Em votação relâmpago, os deputados aprovaram a urgência do projeto que restringe o direito ao aborto seguro. A ideia é mandar para a cadeia quem interromper a gravidez após a 22ª semana. Mesmo nas situações em que a lei permite a prática: estupro, risco à vida da mulher ou anencefalia.

Na mesma quarta-feira, a Comissão de Constituição e Justiça aprovou uma proposta de emenda que criminaliza o porte de qualquer quantidade de droga. O texto dificulta a distinção entre usuário e traficante e abre caminho para aumentar o encarceramento de jovens negros e pobres.

As duas iniciativas seguem a mesma lógica. Tratam questões de saúde pública como casos de polícia. Ignoram estudos e estatísticas para impor bandeiras moralistas e religiosas.

O projeto antiaborto é uma aberração legislativa. A pretexto de defender a vida, pune mulheres e meninas que precisam de proteção e acolhimento. Em caso de estupro, a vítima é submetida a uma dupla violência. Se interromper a gravidez indesejada, fica sujeita a uma pena maior que a de seu algoz.

A ideia foi apresentada pelo deputado Sóstenes Cavalcante, prócer da frente evangélica. Ele é ligado a Silas Malafaia, dublê de pastor e animador de comícios bolsonaristas.

A PEC das Drogas não nasceu na igreja. Foi gestada no Senado para constranger o Supremo, que julga a descriminalização do porte de maconha. Seu relator na Câmara é o notório Ricardo Salles, que se uniu à bancada da bala para passar novas boiadas.

Os apóstolos do obscurantismo são muitos, mas não têm força para impor sua agenda. Dependem da ajuda de Arthur Lira, como se viu nesta quarta. O chefão da Câmara tabelou com a extrema direita por razões pouco religiosas. Quer apoio para fazer o sucessor e emparedar o governo, não necessariamente nesta ordem.

Impedir o aborto após o estupro deixaria a legislação brasileira tão retrógrada quanto a do Afeganistão, conhecido por violar direitos das mulheres.
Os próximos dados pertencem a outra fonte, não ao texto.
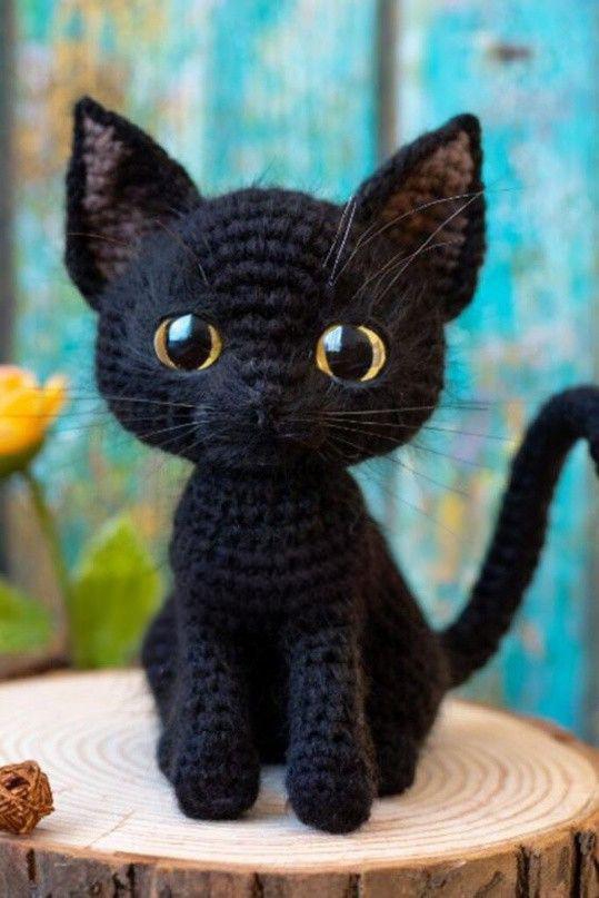 Black Cat Amigurumi Crochet Pattern Materials: Black, pink, and white worsted weight yarn Crochet hook size 3.5mm Polyester stuffing 6mm safety eyes Small bell and thread Tapestry needle Scissors Stitch marker Instructions: Head: With black yarn, start with a magic ring. Round 1: 6 single crochets into the magic ring. (6) Round 2: 2 single crochets in each stitch around. (12) Round 3: (1 single crochet, 2 single crochets in next stitch) around. (18) Continue increasing evenly until you reach 36 stitches. Work even for 5 rounds to form the round shape of the head. Attach safety eyes between rounds 6 and 7. Embroider the nose and whisker spots with pink and white yarn. Stuff the head firmly and close off. Body: Begin with a magic ring and black yarn. Work in continuous rounds, increasing evenly to form a ball shape, stopping at 24 stitches around. Work 6 rounds even, then begin decreasing. Stuff the body and close off, leaving a small opening to attach the head later.
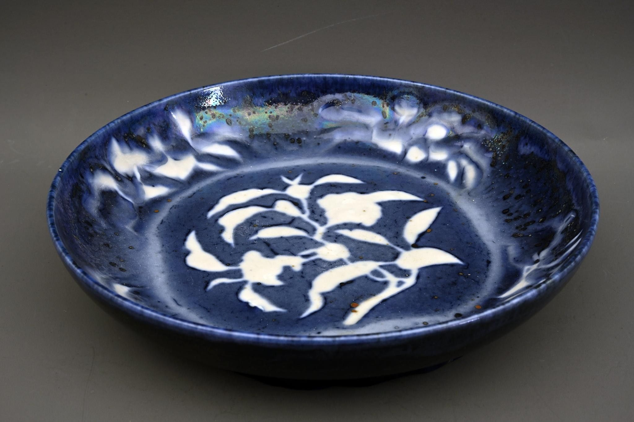 Premium Large deep porcelain dish with blue glaze decorated with whi…

Como o Brasil ainda não virou uma teocracia, a ideia tende a acabar na gaveta. Para seus defensores, já valeu a pena. Movimentou as redes e produziu munição para as eleições municipais.

O caso também expôs a omissão do Planalto, que não quis enfrentar a ofensiva reacionária. O líder na Câmara chegou a dizer que o problema era “do Parlamento, não do governo”. Com a repercussão negativa e a pressão das ruas, a turma se viu obrigada a descer do muro. Tarde demais: a marcha do atraso já havia avançado.